As this book works in deep POV, we as the reader don’t know the events that lead to Caleb and Olivia’s split. We gradually get this information as the chapters alternate between past and present. This proved a little jarring at first because the chapters from the present are written in present tense and the ones set in the past are written in past tense. It did take a little time for me to adjust to this, but as the chapters were long and the narrative flowed well, I quickly got used to it.
When Olivia first meets Caleb at University I thought it was going to be instalove, but it turned into something much more complex within a brief period. This complexity was largely at the hands of Olivia, a woman who suffered previous abandonment and fought with her growing dependency for Caleb. This internal battle that Olivia fought framed much of the novel.
We are told Olivia had done some terrible things to be with Caleb (when she admitted how much she needed him) and as terrible as some were, they were all driven by desperation. She was an inherently complex character who was crippled by self-sabotage and drove herself further downwards in order to rectify what she’d done.
It wasn’t until the halfway point that I realized it was part of a series. I’ve already read the final instalment, but skipped the second as it was told from Leah’s perspective. I started to read the second book, but stopped after only a few pages because Leah said something that was very triggering for me. I doubt others would have this problem, but she was a horrible character anyway, so I wasn’t bothered at missing her part.
Calab wasn’t delved into hugely in this book, but is in the third, which is great because while hecomplimented Olivia brilliantly, he wasn’t hugely multi-dimensional here.
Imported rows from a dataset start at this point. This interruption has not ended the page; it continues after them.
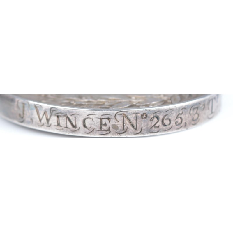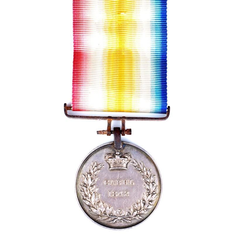 A Cabul Medal to J. Wince, Bengal Horse Artillery, Cabul 1842 reverse, steel clip and straight bar suspension with screw (J. WINCE No 265 3 Tp B H ARTY) engraved in serif capitals with scrolling highlights. Contact marks to obverse, otherwise good very fine, suspension rusted.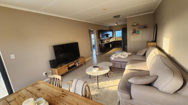 Open plan lounge and dining area. Direct access from the lounge to the spacious balcony.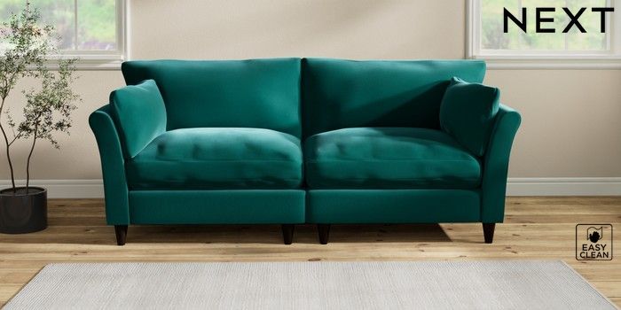 7.3.1 Buy Hartley Relaxed Sit 4 Seater Sofa Plush Velvet Easy Clean Juniper Green Low Conical - Dark from the Next UK online shop Click here to use our accessible website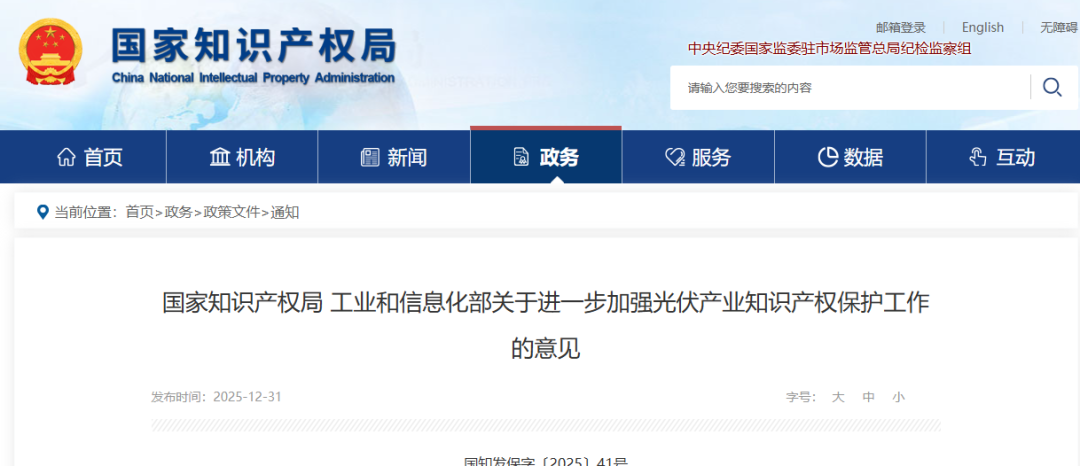 2025年12月31日,国家知识产权局与工业和信息化部联合发布《关于进一步加强光伏产业知识产权保护工作的意见》(国知发保字〔2025〕41 号)。

I think all the authors time went into creating Olivia, which I’m so glad she did as she was a fascinating character.
This was essentially a romance/suspense and it triumphed in both. The chemistry between Caleb and Olivia was palpable, as was the suspense, especially in the last third. There was only one sex scene, by the way, which was well written and not at all smutty.
The ending was fantastic and ripped my heart in two, so be warned!